56. The Commission rejected the commenters' arguments in Order No. 733, finding that the language “shall obtain the agreement” requires that “the entity calculating the circuit capability must reach an understanding with the relevant functional entity that the calculated circuit capability is capable of achieving the reliability goal of PRC-023-1.” [65] In addition, the Commission clarified that since the Standard is “intended to ensure that protective relay settings do not limit transmission loadability or interfere with system operators' ability to take remedial action to protect system reliability, and to ensure that relays reliably detect all fault conditions and protect the electrical network from these faults,” the agreement required under Requirement R3 should “center around achieving these purposes.” [66] Having adequately addressed this matter in Order No. 733, it is unnecessary to elaborate further in response to MISO and, accordingly, we deny MISO's request on this issue.
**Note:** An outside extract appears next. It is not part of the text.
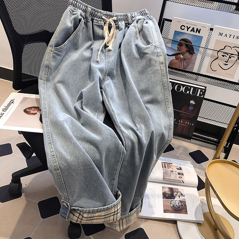 100-150kg 팻mm 가을 루즈핏 스트레이트 레그 커프스 데님 팬츠 여성용 110kg 신축성 있는 허리끈 하이웨이스트 팬츠 슬림핏스토어 가기

57. Further, to the extent that a dispute arises between responsible entities over the determination of a calculated circuit capability under Requirement R3, nothing precludes the responsible entities from raising the dispute with the applicable Regional Entity.

3. Requirement R6

58. Requirement R6 of the Reliability Standard requires planning coordinators to conduct an assessment applying the criteria in Attachment B to determine a list of circuits subject to PRC-023-2 Requirements R1 through R5. Under Attachment B, the planning coordinator is required to evaluate “[t]ransmission lines operated below 100 kV and transformers with low voltage terminals connected below 100 kV that are part of the [bulk electric system].”

a. Comments

59. MISO requests clarification regarding the application of Requirement R6 to sub-100 kV facilities.[67] Specifically, MISO requests clarification “with regard to what final and FERC-approved process is used by the Regional Entities to identify sub-100 kV facilities `critical to the reliability of the bulk electric system.' ” [68] MISO further requests clarification on how planning coordinators will be provided access to the list of such sub-100 kV facilities, and, finally, MISO requests clarification whether the use of such a list of sub-100 kV facilities is adequate to demonstrate compliance with Requirement R6.
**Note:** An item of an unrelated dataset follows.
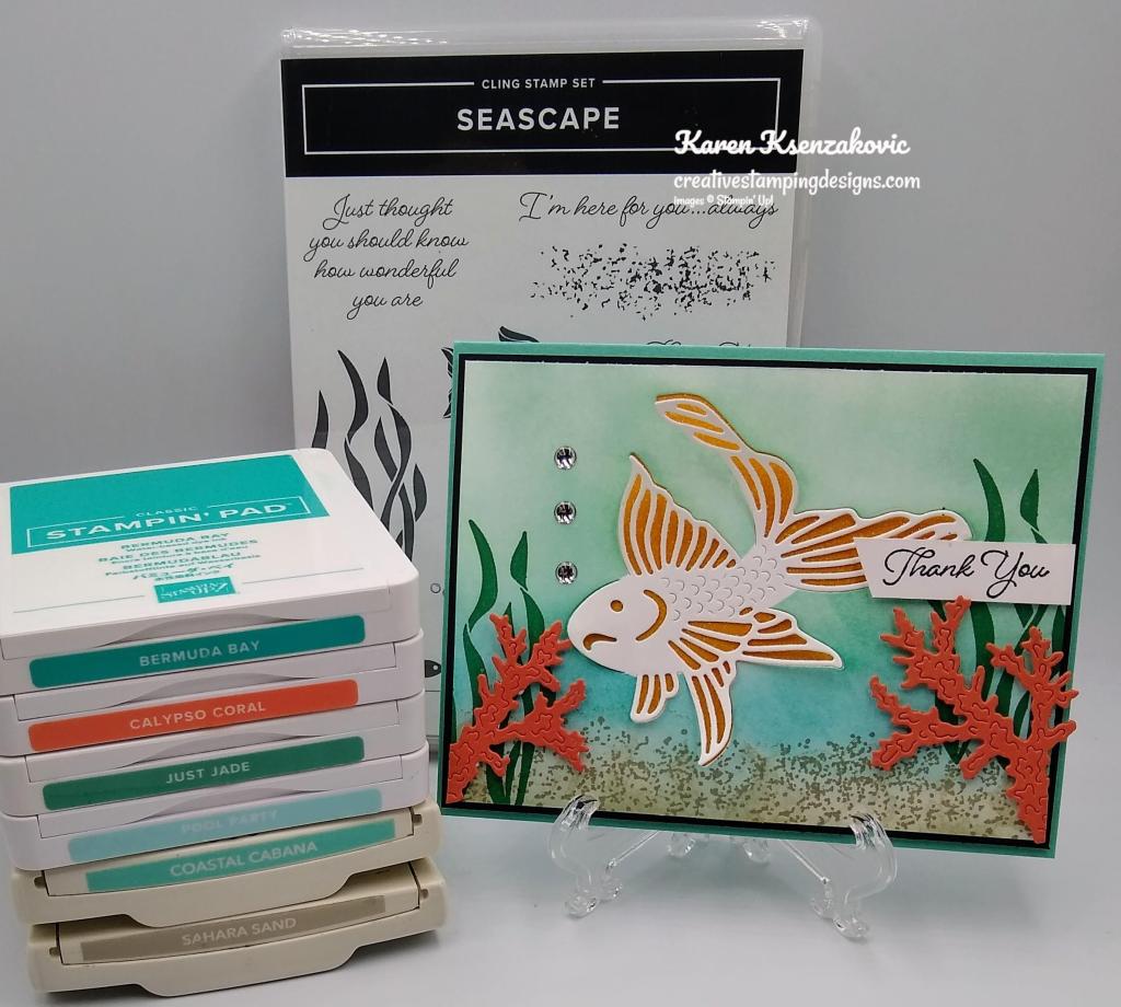 I used the Stampin’ Up! Seascape Bundle along with the Expressions In Ink Designer Series Paper and the Diorama Dies.

b. Commission Determination

60. With regard to MISO's request concerning the identification of sub-100 kV facilities, we note that bulk electric system facilities are currently identified through the application of NERC's definition of bulk electric system and NERC's registration process, as applied by the Regional Entities.[69] Regional Entities should inform planning coordinators of such sub-100kV facilities that already may have been identified so that the planning coordinator is able to fulfill its responsibilities pursuant to Requirement R6.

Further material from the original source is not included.